On 18/07/2020, 08:47, "help-bison on behalf of Akim Demaille" 
<help-bison-bounces+avogelsgesang=tableau....@gnu.org on behalf of 
a...@lrde.epita.fr> wrote:

    
    
    > Le 14 juil. 2020 à 13:31, Christian Schoenebeck 
<schoeneb...@crudebyte.com> a écrit :
    > 
    > On Montag, 13. Juli 2020 07:56:57 CEST Akim Demaille wrote:
    > 
    > For the 'married' parser, in the form imagined by me, there would be no 
    > lookahead token, as a lookahead token implies a context-unaware scanner.
    > 
    > Instead, when the parser would get to a state where it had to decide 
between 
    > reducing or shifting (depending on a next token), it would not decide and 
fork 
    > the parser state instead, in order to allow context-specific tokenization.
    
    That's indeed a possible choice in the implementation of GLR parser 
generators:
    to sit GLR on top of LR(0).  I've never seen performance reports that 
compare
    both approach though.
    
    However, most implementations use SLR(1), because it is super simple to
    implement (especially compared to LALR(1)), yet make a significant 
difference.
    
    >> Yes, indeed.  That's something which Joel detailed in his PhD.  Note
    >> though that PSLR targets deterministic parsing.  Bison would (first)

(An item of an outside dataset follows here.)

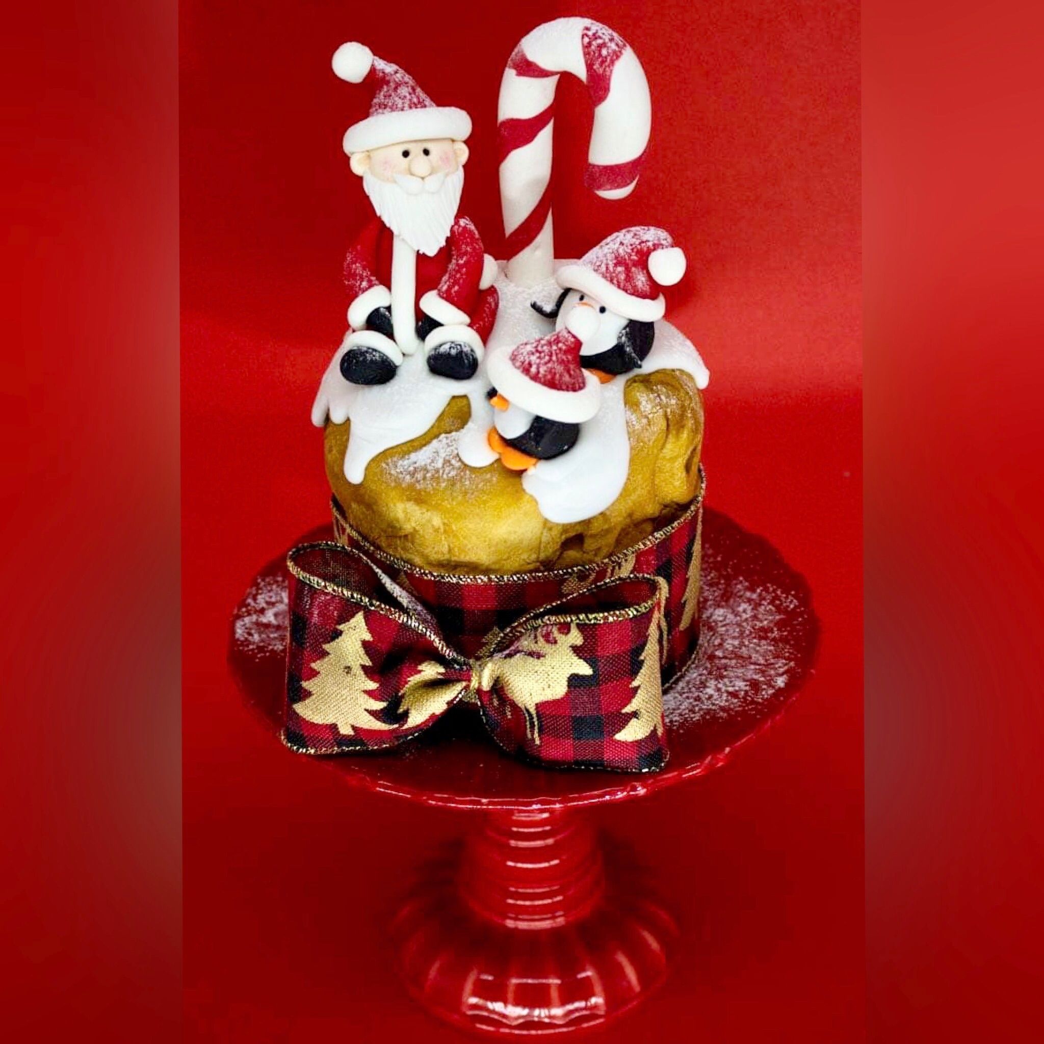 Com os topos de personagens em pasta americana, você pode comprar panetones prontos e transformar em produtos premium de Natal.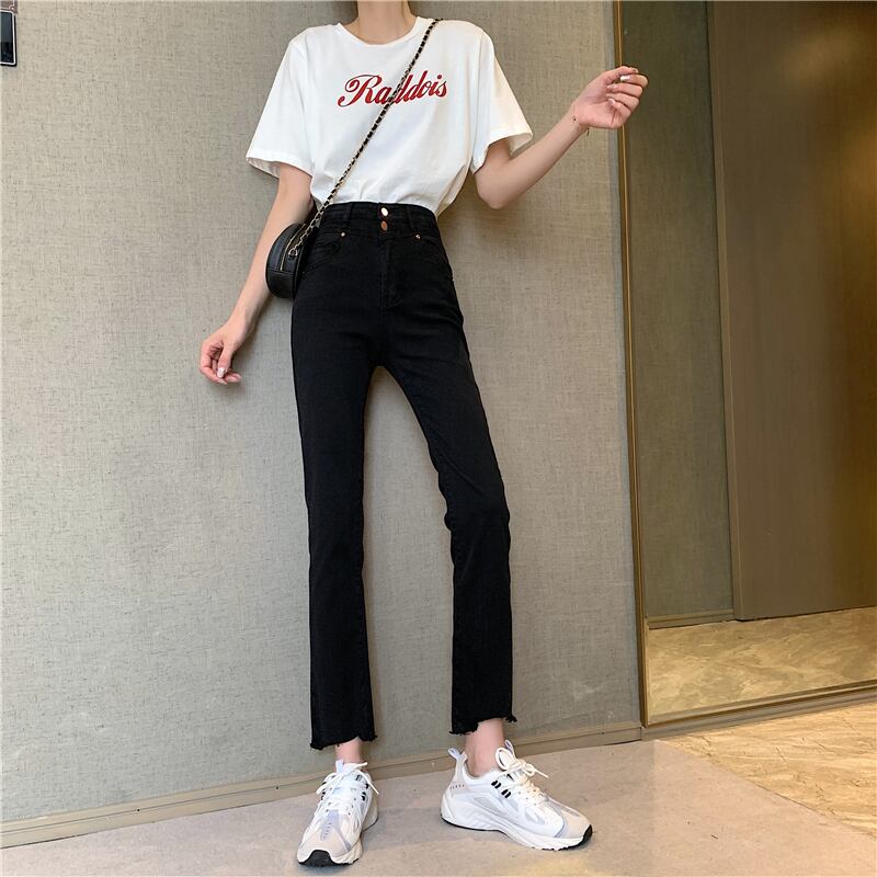 ブラックジーンズ スプリングハイウェストクロップドパンツ 春物 YY-ファッション53920346690

    >> target that, not GLR.  But contributions are always welcome :)
    > 
    > The longer I think about it, the more I wonder whether it wouldn't make 
sense 
    > to make a clear and radical cut with the past when developing a 'married' 
    > parser to allow unfolding its full potential.
    > 
    > I mean I look at what you are working on Akim, and AFAICS the majority of 
time 
    > you have to spend on maintaining (i.e. not breaking) backward 
compatibility 
    > for ancient use cases. Most of Bison's conceptional design and internals 
are 
    > still based on requirements and opinions from around 1980 which simply no 
    > longer exist or proofed wrong.
    
    I don't subscribe to this opinion :)  The core of Bison is well established,
    and I have very little maintenance to do on it.  As a matter of fact, if you
    look at the recent history, there's hardly any work in the automaton
    construction.  Most of my recent efforts are about diagnostics.  Diagnostics
    about the grammar (which is also what the current work on counterexamples is
    about), and in the generated parsers (to provide better error messages).
    
    Many many people *want* a *deterministic* and *fast* parser.
    
    They want determinism because with GLR (with conflicts) you just don't know
    if some day your parser will fail because of an unforeseen ambiguity.  I
    know people who build critical software with Bison, and "possible failure"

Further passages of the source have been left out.